CANNES -- An unseen and unwanted British documentary is generating a firestorm before it comes to Cannes on Friday, mostly because it reportedly showcases a grisly photo of Princess Diana inside the vehicle in the Paris car crash that claimed her life on Aug. 31, 1997.
But the real controversy that should be raging is what actor-filmmaker Keith Allen presents as near-fact in Unlawful Killing: That the British establishment, including the Royal Family, arranged her murder.
Also controversial is the way Allen's team is exploiting Cannes. People are assuming the doc is in an official film festival program. It is not. Instead, Allen & company are screening Unlawful Killing in the Cannes Marche, an unregulated marketplace where anyone can show anything, short of hardcore porn, if they buy time in a Cannes theatre. Audiences are allowed in by invitation.
Marketplace screenings are normally set up to help sell movies to distributors. In this case, Allen's goal seems to be to generate publicity, most of it negative so far. Allen is a well-known British comedian and actor. He played the Sheriff of Nottingham in the recent BBC series Robin Hood.
But he also spent the past three years sorting through evidence from the inquest into Diana's death and doing interviews. His film title comes from the ruling in that inquest, a British legal result that establishes that persons unknown are criminally responsible for a death.
Watching the lurid trailer and excerpts online will quickly convince viewers that Allen is pinning the blame on the Royals, their aristocratic circle and operatives in the British secret service. "Presidents have been killed for less," the narrator says after commentators establish how Diana was "trouble" for the Royal Family.

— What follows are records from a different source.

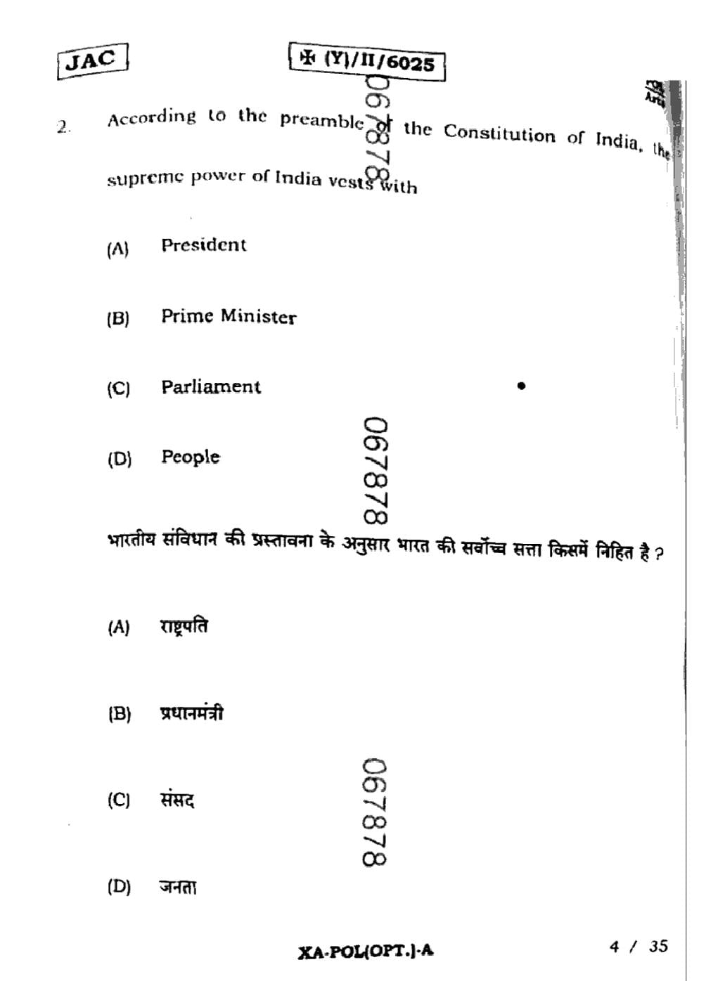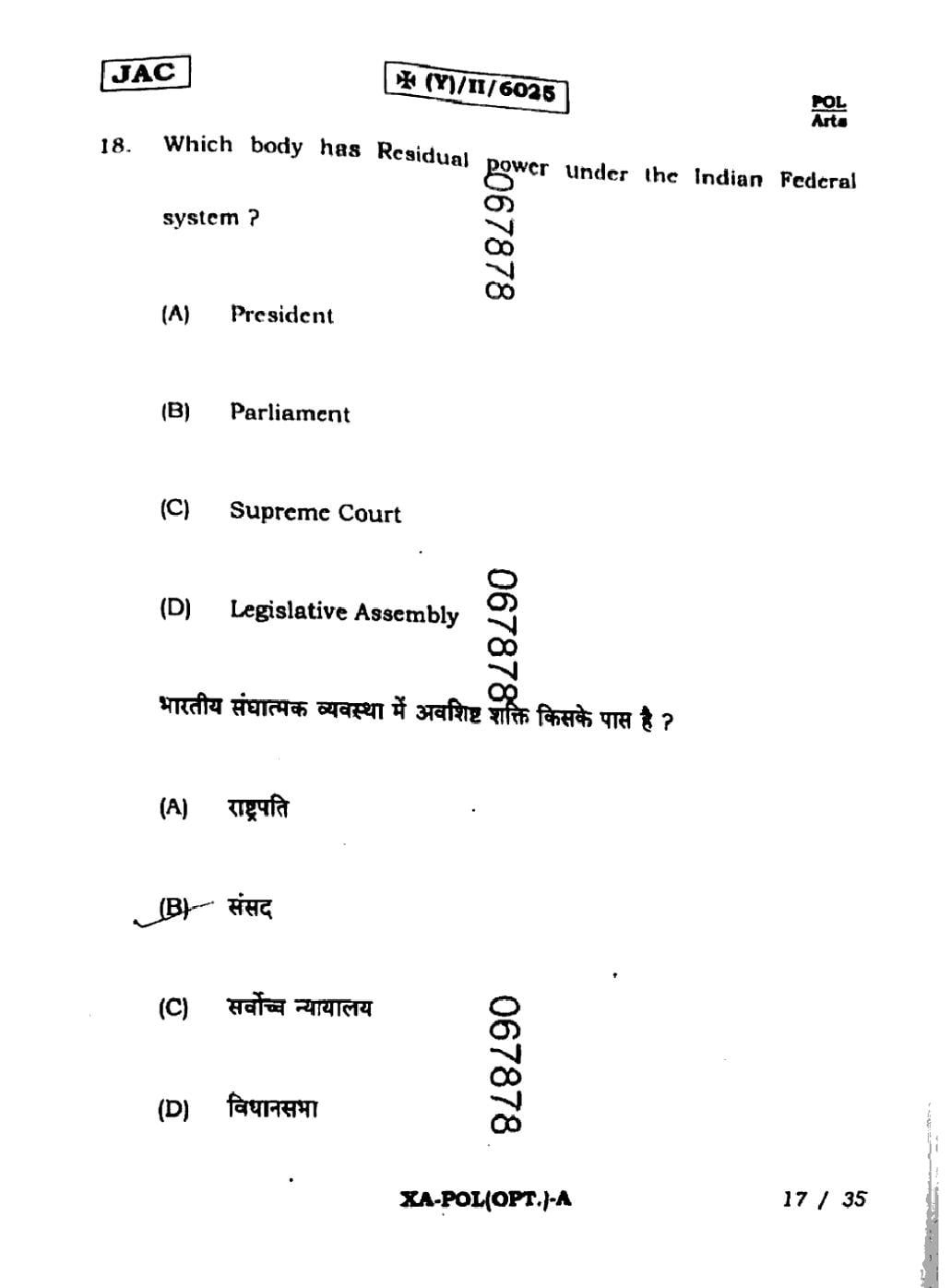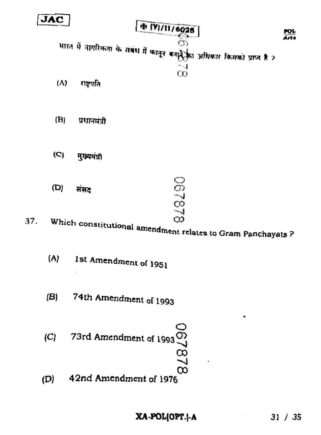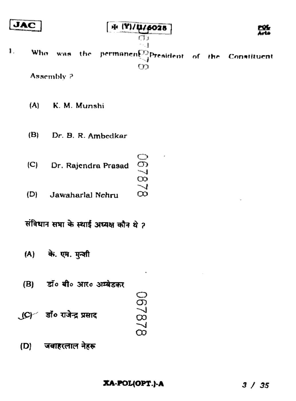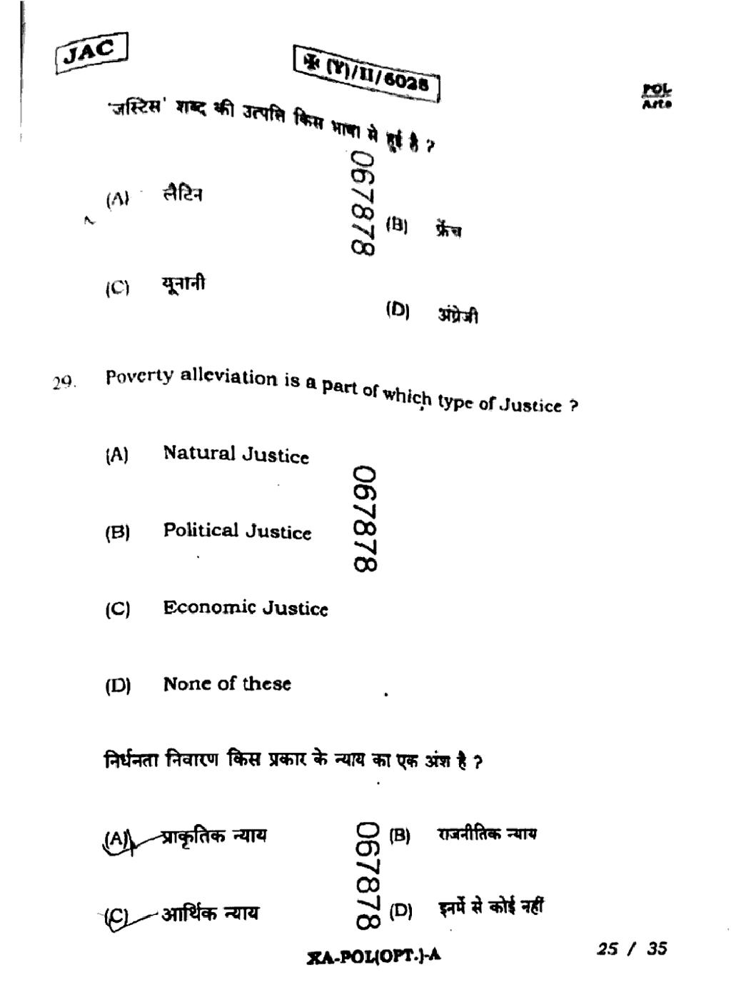 JAC Board Class 11 Political Science Previous Year Question Paper
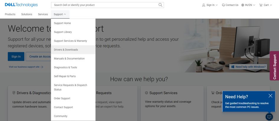 Adım 2: “Destek” ye tıklayın ve menüden “Sürücüler ve İndirmeler” i seçin.
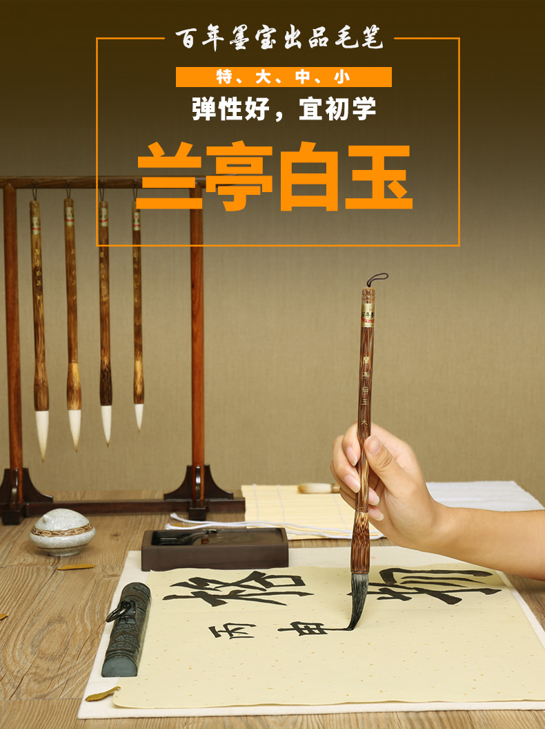 - 商品名称:弘梅兰亭白玉狼毫毛笔套装 狼毫小楷中楷大楷学生初学毛笔 文房四宝狼羊兼毫毛笔

British journalist and novelist Noel Botham, who wrote a book called The Murder of Princess Diana, says it again in the film. "There can be no doubt she was actually murdered," he says. British broadcaster Piers Morgan is also featured, spinning accusations about British spies. "We've all been to James Bond movies, thanks," he says sarcastically. "We know the secret services do a lot of dark stuff."